В этой истории не будет злодея, и никто не забыт

«Наши больные места больны потому, что никто,

в особенности же мы сами, не любит их»

Джеймс Холлис

Пролог

Всё началось с первой крохотной лжи. Тогда она ещё не знала, к чему это может привести, но ей понравилось, что у неё получилось избавиться от лишних вопросов. Парочка прохожих поинтересовалась её родителями, и она ответила, что они обознались. Какое-то время пошептавшись, незнакомцы убедились в правоте сказанного, внимательно всмотревшись в невинное лицо девочки. Такая, как она, не могла врать. Слишком искренними казались её большие глаза и чистое детское личико. О нет, подобные ей не способны на ложь. К счастью, её родители считали так же. И вся Ньюэра была с ними согласна.

Выдумывать эпизоды собственной биографии оказалось приятно. В школе она часто лгала о том, как обстоят дела дома, а при родителях – о счастливой школьной жизни. Её все любили, а если и нет, то, как объясняла мама, просто ей завидовали. Конечно, так и было, не зря ведь каждый житель Ньюэры считал её и красавицей, и талантливой ученицей, и великолепным оратором. Вот только всё изменилось, когда появился Деми. Он всё испортил. Из-за него она лишилась прежних шансов на успех.

Ей не нравилось выходить на балкон, потому что те, кто смотрел на неё с улиц, неизменно её узнавали. Они пялились, облизывали губы и готовились попросить совместное фото. Хоть что-то осталось прежним. Вот только о Деми её спрашивали даже чаще, чем о фотографии. В такие моменты ей нельзя было ни досадно вздыхать, ни закатывать глаза, но про себя она неизменно цокала языком, пытаясь справиться с раздражением. Она терпеть не могла о нём слышать.
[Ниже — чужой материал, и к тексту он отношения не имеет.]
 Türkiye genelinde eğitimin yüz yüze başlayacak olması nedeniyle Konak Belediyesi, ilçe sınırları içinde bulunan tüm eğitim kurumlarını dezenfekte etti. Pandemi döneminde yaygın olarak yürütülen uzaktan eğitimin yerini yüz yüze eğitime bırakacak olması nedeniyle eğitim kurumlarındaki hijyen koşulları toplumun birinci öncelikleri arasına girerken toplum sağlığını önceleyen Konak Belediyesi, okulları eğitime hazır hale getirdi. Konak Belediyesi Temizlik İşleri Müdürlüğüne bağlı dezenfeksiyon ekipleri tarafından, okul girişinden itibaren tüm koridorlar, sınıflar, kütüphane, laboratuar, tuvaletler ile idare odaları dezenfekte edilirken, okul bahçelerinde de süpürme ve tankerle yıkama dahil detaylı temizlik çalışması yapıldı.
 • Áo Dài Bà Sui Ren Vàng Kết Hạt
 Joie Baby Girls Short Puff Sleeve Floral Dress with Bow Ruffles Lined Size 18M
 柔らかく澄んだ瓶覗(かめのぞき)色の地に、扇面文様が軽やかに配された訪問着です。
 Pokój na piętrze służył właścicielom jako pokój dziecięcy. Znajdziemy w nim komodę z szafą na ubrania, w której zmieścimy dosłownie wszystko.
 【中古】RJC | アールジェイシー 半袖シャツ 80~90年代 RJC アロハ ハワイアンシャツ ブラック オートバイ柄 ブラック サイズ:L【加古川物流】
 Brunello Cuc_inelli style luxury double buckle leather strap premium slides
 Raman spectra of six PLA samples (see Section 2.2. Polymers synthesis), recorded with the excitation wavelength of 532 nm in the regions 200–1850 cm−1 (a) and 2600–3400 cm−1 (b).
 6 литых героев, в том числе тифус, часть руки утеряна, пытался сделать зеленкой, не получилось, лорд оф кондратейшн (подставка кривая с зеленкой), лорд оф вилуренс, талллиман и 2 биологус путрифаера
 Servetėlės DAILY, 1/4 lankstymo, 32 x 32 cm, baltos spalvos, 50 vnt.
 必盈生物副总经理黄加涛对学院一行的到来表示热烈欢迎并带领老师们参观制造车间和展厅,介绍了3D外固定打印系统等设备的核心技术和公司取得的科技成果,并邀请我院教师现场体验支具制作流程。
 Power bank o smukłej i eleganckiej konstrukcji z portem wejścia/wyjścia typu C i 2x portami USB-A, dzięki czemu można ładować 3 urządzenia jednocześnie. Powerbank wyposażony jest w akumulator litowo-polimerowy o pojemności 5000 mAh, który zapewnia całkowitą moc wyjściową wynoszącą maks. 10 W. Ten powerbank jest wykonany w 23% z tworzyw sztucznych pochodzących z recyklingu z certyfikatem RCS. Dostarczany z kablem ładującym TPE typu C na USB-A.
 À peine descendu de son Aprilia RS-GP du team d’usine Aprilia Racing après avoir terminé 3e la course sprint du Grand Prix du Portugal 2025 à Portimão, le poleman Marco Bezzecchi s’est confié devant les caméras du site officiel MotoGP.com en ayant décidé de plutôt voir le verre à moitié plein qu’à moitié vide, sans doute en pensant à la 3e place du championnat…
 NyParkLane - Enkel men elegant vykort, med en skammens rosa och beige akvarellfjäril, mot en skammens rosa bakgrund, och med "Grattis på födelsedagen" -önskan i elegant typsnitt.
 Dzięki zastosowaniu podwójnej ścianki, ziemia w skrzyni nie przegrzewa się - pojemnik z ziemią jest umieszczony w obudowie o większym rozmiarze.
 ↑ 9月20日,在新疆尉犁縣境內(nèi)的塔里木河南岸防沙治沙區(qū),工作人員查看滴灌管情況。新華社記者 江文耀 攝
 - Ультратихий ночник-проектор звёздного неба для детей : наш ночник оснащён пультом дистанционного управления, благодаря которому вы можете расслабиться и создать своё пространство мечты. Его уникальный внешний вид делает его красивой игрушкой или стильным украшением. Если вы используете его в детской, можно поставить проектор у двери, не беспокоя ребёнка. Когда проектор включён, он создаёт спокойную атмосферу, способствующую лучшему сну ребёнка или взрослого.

«О, милый глупенький мальчик, похоже, после смерти твоей мамули мир стал к тебе неравнодушен. Что ж, поздравляю. Жаль лишь, что эти речи о твоей короткой, но яркой жизни приходится выслушивать мне. Жаль, что ты их никогда не услышишь. Жаль, что даже мне они безразличны». Нет, не безразличны. Она хотела подумать, что ей глубоко плевать, но не могла позволить себе таких слов даже в собственных мыслях. Потому что, если начнёт использовать подобные выражения, уже не сможет остановиться. Этого нельзя допустить. Уже сейчас Ньюэра следит за каждым её шагом, а после того, как она добьётся своего, к ней присоединится и весь остальной мир.

Она готовилась к этому долгие годы. По ночам представляла позор всех живых членов своей семьи и те памятники, которые воздвигнут мёртвым. Пускай давно погибшие поблагодарят её за помощь, а те, кто будет убит вскоре, склонятся перед ней, так и не успев попросить прощения. Так будет даже лучше. Ей не придётся объяснять, что она не сможет отпустить обид.

Они должны быть благодарны уже за то, что она не пошла на это раньше. За то, что всё это время у них была возможность спастись, но они ею не воспользовались. Это была их ошибка, как и всё то, что они с нею сделали. Вот только никто не учёл того, как умело она адаптируется. Она оказалась умнее. Хитрее. Опаснее. У неё получилось сыграть всеми, кто был ей нужен.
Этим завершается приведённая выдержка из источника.